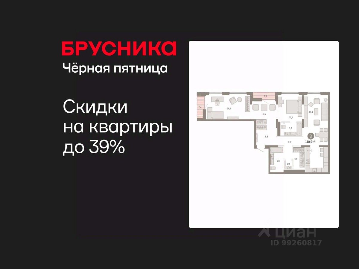 Квартира с кухней-гостиной и тремя спальнями в Октябрьском на Туре. Особенности планировки: без отделки, свободная планировка, лоджия, мастер-спальня, постирочная.
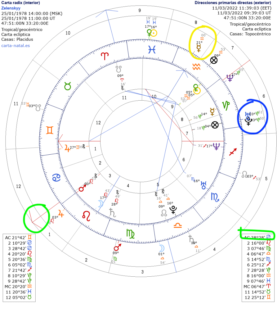 El presidente de Ucrania es ascendente Géminis, y por tanto su Mercurio es importante para él.
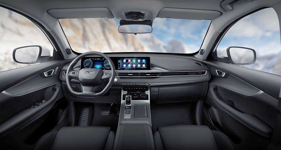 Интерьер Chery Tiggo 7 Pro полностью соответствует концепции производителя. Трехспицевое рулевое колесо, оснащенное множеством регулировок, усечено снизу для удобства управления. Приборная панель полностью виртуальная, а ее диагональ составляет 12,3 дюйма. Мультимедиа система, расположенная над центральной консолью, имеет сенсорный 12,25-дюймовый экран, на который выводится навигация, MP3 проигрыватель, время, прочая полезная информация. Под экраном мультимедиа вмонтирован 8-дюймовый дисплей, с помощью которого регулируется работа климат-контроля.

* [Task]: Without the pictures, transcribe the listing above exactly.

* [Solution]:
 Квартира с кухней-гостиной и тремя спальнями в Октябрьском на Туре. Особенности планировки: без отделки, свободная планировка, лоджия, мастер-спальня, постирочная.
 El presidente de Ucrania es ascendente Géminis, y por tanto su Mercurio es importante para él.
 Интерьер Chery Tiggo 7 Pro полностью соответствует концепции производителя. Трехспицевое рулевое колесо, оснащенное множеством регулировок, усечено снизу для удобства управления. Приборная панель полностью виртуальная, а ее диагональ составляет 12,3 дюйма. Мультимедиа система, расположенная над центральной консолью, имеет сенсорный 12,25-дюймовый экран, на который выводится навигация, MP3 проигрыватель, время, прочая полезная информация. Под экраном мультимедиа вмонтирован 8-дюймовый дисплей, с помощью которого регулируется работа климат-контроля.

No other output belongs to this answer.